═════ Source data ═════

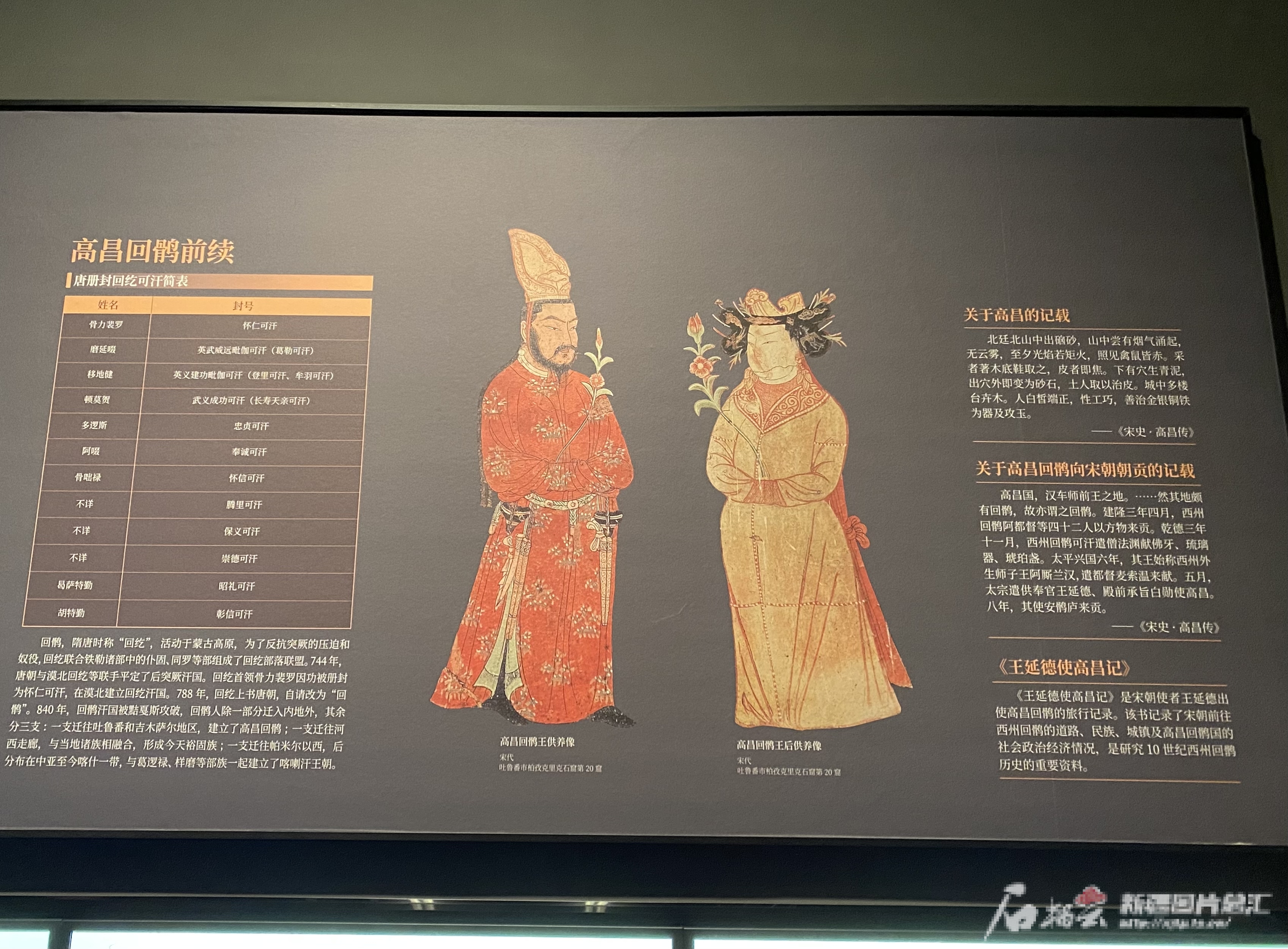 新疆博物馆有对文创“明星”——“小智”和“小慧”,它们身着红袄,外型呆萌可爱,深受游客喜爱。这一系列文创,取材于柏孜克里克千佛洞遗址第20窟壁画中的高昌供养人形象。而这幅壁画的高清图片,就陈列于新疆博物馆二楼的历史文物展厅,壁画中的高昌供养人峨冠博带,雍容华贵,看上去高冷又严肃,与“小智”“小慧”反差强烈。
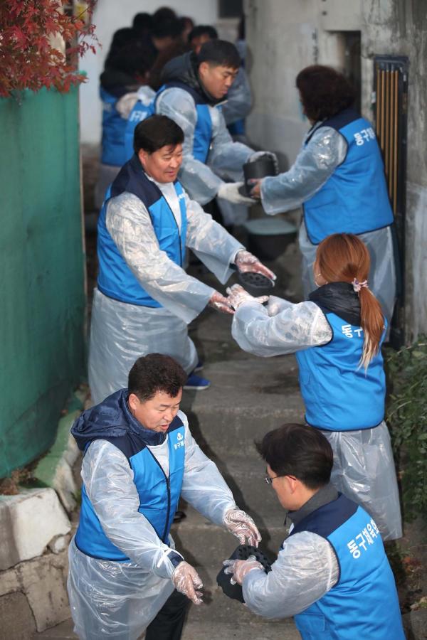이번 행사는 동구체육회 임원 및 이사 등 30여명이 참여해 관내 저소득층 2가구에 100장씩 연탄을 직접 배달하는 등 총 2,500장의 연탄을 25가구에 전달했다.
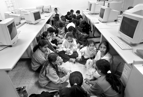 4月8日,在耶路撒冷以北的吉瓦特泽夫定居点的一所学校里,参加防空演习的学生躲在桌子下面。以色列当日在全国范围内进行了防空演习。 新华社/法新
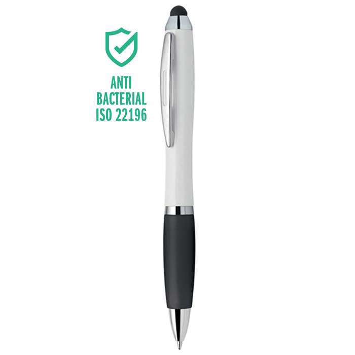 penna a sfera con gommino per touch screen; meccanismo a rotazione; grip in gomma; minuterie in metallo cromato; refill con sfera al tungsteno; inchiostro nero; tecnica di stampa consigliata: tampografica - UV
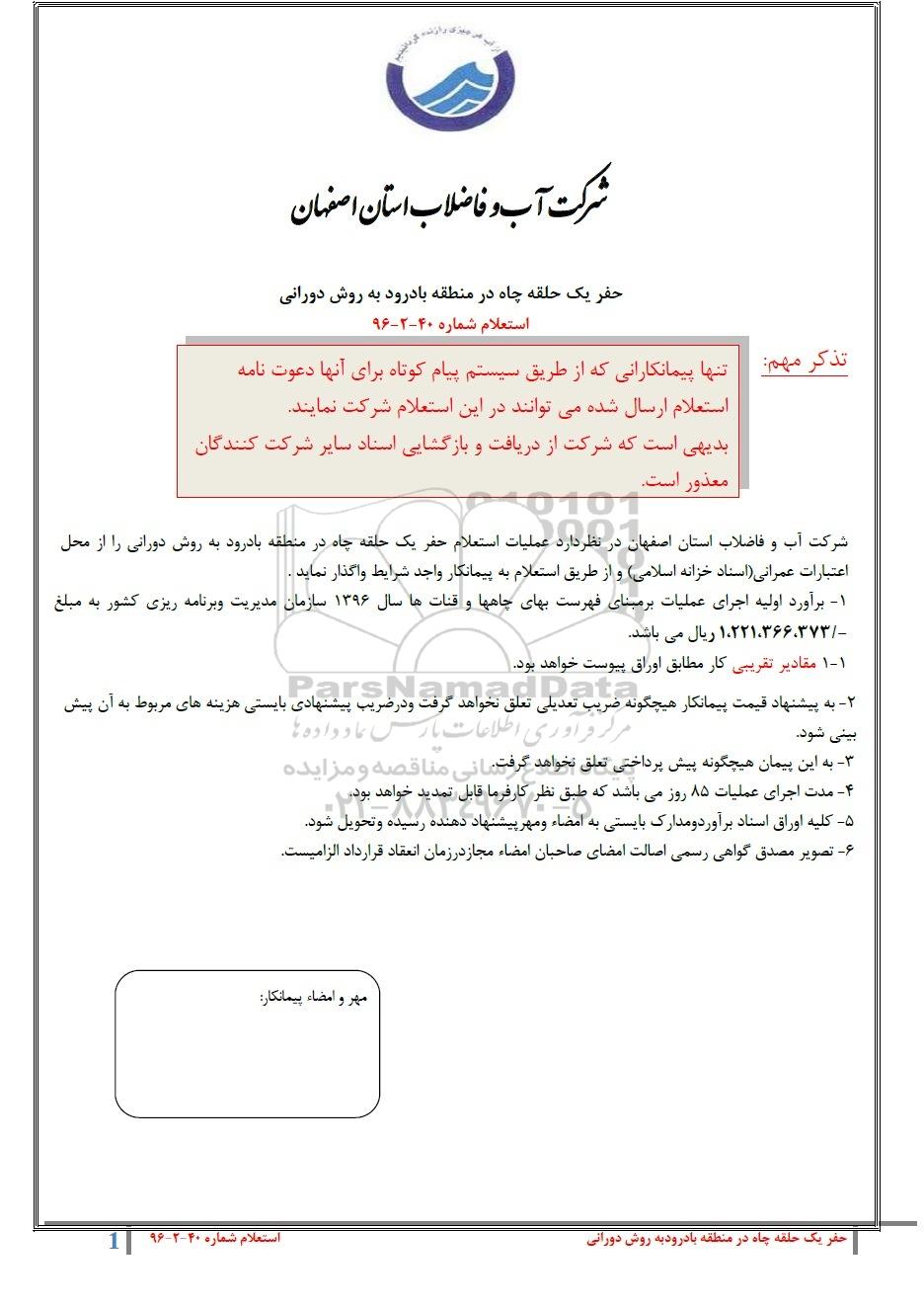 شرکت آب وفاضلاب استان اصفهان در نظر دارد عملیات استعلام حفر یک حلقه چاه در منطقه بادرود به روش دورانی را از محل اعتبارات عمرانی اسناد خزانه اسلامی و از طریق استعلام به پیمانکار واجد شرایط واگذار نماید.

═════

__Task instructions__
Repeat exactly the lines from the one containing "penna a sfera" to the last line of the records above, including both, and leave out any pictures.

__Written solution__
 penna a sfera con gommino per touch screen; meccanismo a rotazione; grip in gomma; minuterie in metallo cromato; refill con sfera al tungsteno; inchiostro nero; tecnica di stampa consigliata: tampografica - UV
 شرکت آب وفاضلاب استان اصفهان در نظر دارد عملیات استعلام حفر یک حلقه چاه در منطقه بادرود به روش دورانی را از محل اعتبارات عمرانی اسناد خزانه اسلامی و از طریق استعلام به پیمانکار واجد شرایط واگذار نماید.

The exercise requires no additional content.